Sydney drag legend Vanity tells us about creating her revolutionary business Wigs By Vanity, why she won’t be competing on Drag Race, and performing at Palmy Drag Fest.
Vanity is celebrating her 26th year doing drag, and when you ask the inevitable question about whether she will appear on Drag Race Down Under, she is quick to highlight, “I feel at this point, I should be congratulated or rewarded for getting this far without it!”
“I’m really happy for queens to have a platform and glad to see sisters who are taken up notches by being on the show and getting recognition, gigs, and good money,” she says of the Down Under franchise, adding, “but I’m disappointed that they don’t have more seasoned queens. It’s almost insulting as a professional old-school drag queen not to see people from my generation on there.”
So why hasn’t Vanity personally put her hand up to star in Down Under?
“My mental health is very important to me,” she says, confessing that she has battled with depression and anxiety.
“I don’t have that drive in me anymore.
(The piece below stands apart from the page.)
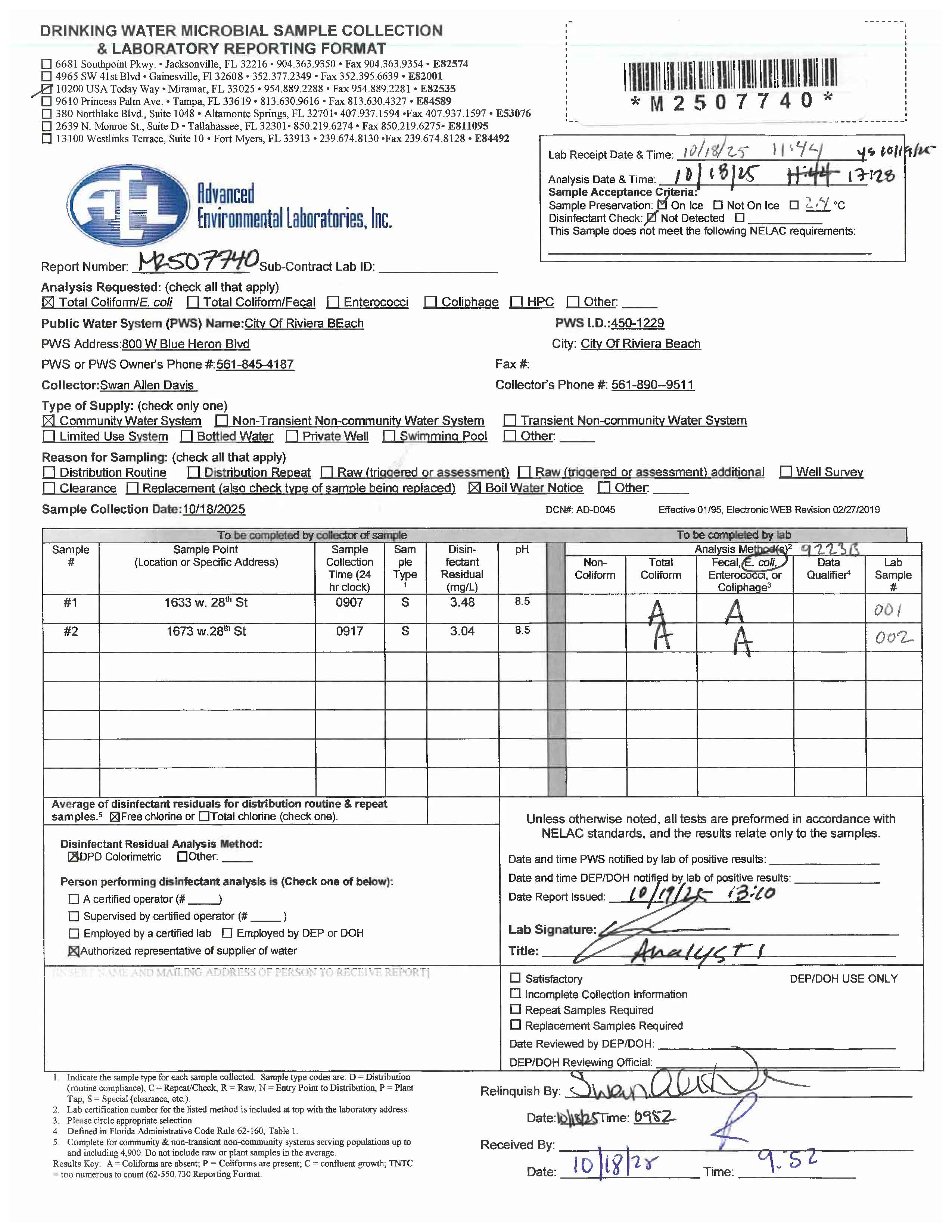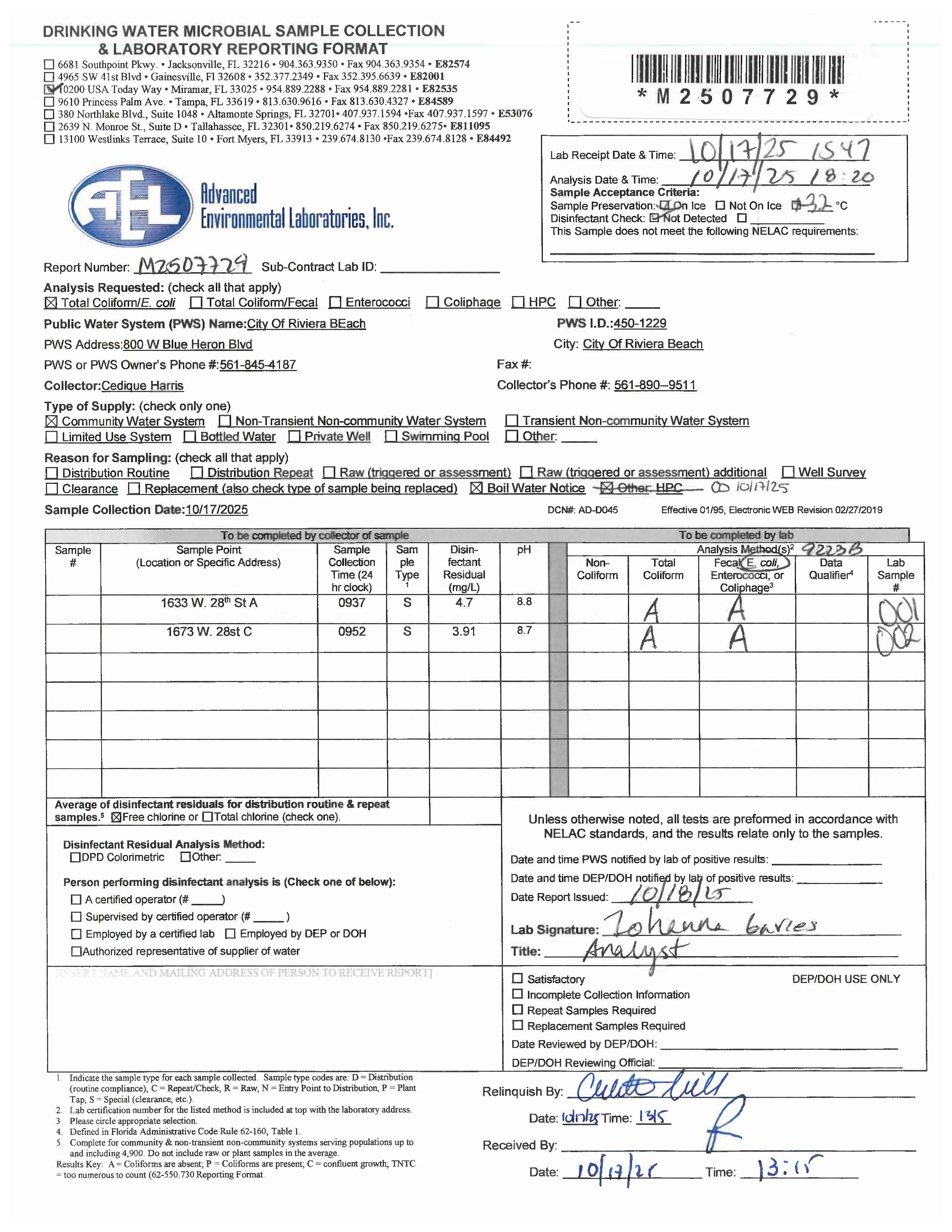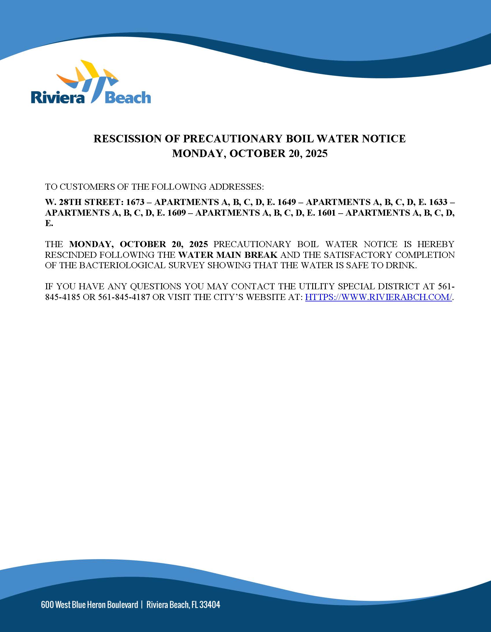 The precautionary boil water notice issued on October 20, 2025, has been rescinded for the following addresses:

I have a very comfortable life. I’ve worked really hard to establish a position for myself in the greater community that I don’t want to risk tampering with Drag Race,” she says, wisely pointing out, “You have no control over how you’re edited or how you’re perceived. I don’t trust the platform, and I can’t risk losing my business. This is what I’ve worked my whole life for.”
Her business, Wigs By Vanity, which she co-owns with television icon Courtney Act, changed the world of drag years before RuPaul’s Drag Race reared its head.
Established in 2003 as a store on eBay, Vanity, and Courtney visited China to get Vanity’s unique designs for lace front wigs created. “When we held our first samples in our hands, we just looked at each other and said, ‘We’re gonna be rich!” she laughs, detailing that because all wigs are essentially handcrafted, the ability to create enough stock to scale up and build an empire isn’t viable.
In 2007, the business became its own online store (wigsbyvanity.com), and Vanity has created 25 designs in 70 different colours, setting an international drag standard in affordable lace-front wigs, which were previously only seen on the heads of celebrities and the very wealthy.
Like many businesses, Wigs By Vanity was badly affected by COVID. “It was known as the great wig famine,” Vanity tells us, explaining that they lost the ability to produce the lace-front wigs that they had become known for.
“So we had to shift the fashion again,” she says, telling us they renewed their focus on hard-front wigs.
“I’m glad that we lost that ability to make that original wig because it forced us to innovate,” she says triumphantly, adding that from time to time, they will even receive an order placed by RuPaul Charles himself.
At next month’s Palmy Drag Fest, Vanity will take the New Zealand stage for the first number, having only done a number at Caluzzi once before when visiting Auckland on holiday.
She tells us that while her drag is founded on the realism of female impersonation, she likes character-driven drag that focuses on who her look is channelling.
“At the moment, I’m heavily inspired by Barbie. A few years ago, I had a few extra kilos on before I had my surgery, so I would wear beautiful caftans and become this older, glamorous woman…and at Christmas, I do Mariah.”
But when she hits Palmerston North, it won’t just be about what Vanity is serving onstage.
“It’s really about getting amongst the people and letting them buy me drinks and getting absolutely blind drunk. I’m an old-fashioned good-time girl!” she promises.